For example If I have a pipeline situation for inbound and outbound channels like below:
package main
import (
"fmt"
)
func main() {
for n := range sq(sq(gen(3, 4))) {
fmt.Println(n)
}
fmt.Println("Process completed")
}
func gen(nums ...int) <-chan int {
out := make(chan int)
go func() {
for _, n := range nums {
out <- n
}
close(out)
}()
return out
}
func sq(in <-chan int) <-chan int {
out := make(chan int)
go func() {
for n := range in {
out <- n * n
}
close(out)
}()
return out
}
It does not give me a deadlock situation. But if I remove the go routine inside the outbound code as below:
func sq(in <-chan int) <-chan int {
out := make(chan int)
for n := range in {
out <- n * n
}
close(out)
return out
}
I received a deadlock error. Why is it so that looping over channels using range without go routine gives a deadlock.
This situation caused of output channel of sq function is not buffered. So sq is waiting until next function will read from output, but if sq is not async, it will not happen (Playground link):
package main
import (
"fmt"
"sync"
)
var wg sync.WaitGroup
func main() {
numsCh := gen(3, 4)
sqCh := sq(numsCh) // if there is no sq in body - we are locked here until input channel will be closed
result := sq(sqCh) // but if output channel is not buffered, so `sq` is locked, until next function will read from output channel
for n := range result {
fmt.Println(n)
}
fmt.Println("Process completed")
}
func gen(nums ...int) <-chan int {
out := make(chan int)
go func() {
for _, n := range nums {
out <- n
}
close(out)
}()
return out
}
func sq(in <-chan int) <-chan int {
out := make(chan int, 100)
for n := range in {
out <- n * n
}
close(out)
return out
}
Your function creates a channel, writes to it, then returns it.
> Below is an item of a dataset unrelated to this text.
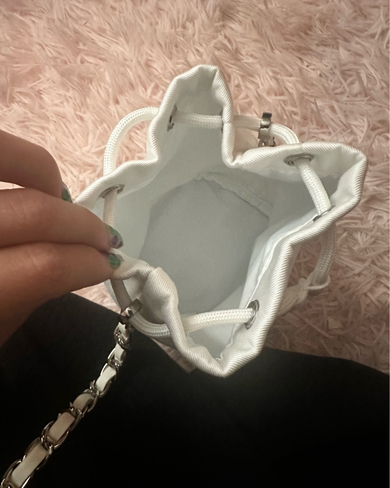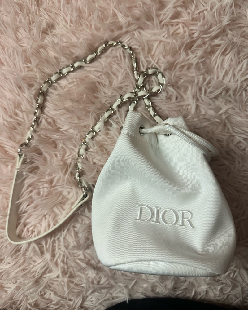 small white Dior bucket bag. to be clear, a skincare set came in here and i stuck a chain on it. about 99% of the time, i think that is so tacky, but hear me out: this doesn’t say “beauty” or “perfume” anywhere on the exterior. it’s kind of perfect!

The writing will block until somebody can read the corresponding value, but that's impossible because nobody outside this function has the channel yet.
func sq(in <-chan int) <-chan int {
// Nobody else has this channel yet...
out := make(chan int)
for n := range in {
// ...but this line will block until somebody reads the value...
out <- n * n
}
close(out)
// ...and nobody else can possibly read it until after this return.
return out
}
If you wrap the loop in a goroutine then both the loop and the sq function are allowed to continue; even if the loop blocks, the return out statement can still go and eventually you'll be able to connect up a reader to the channel.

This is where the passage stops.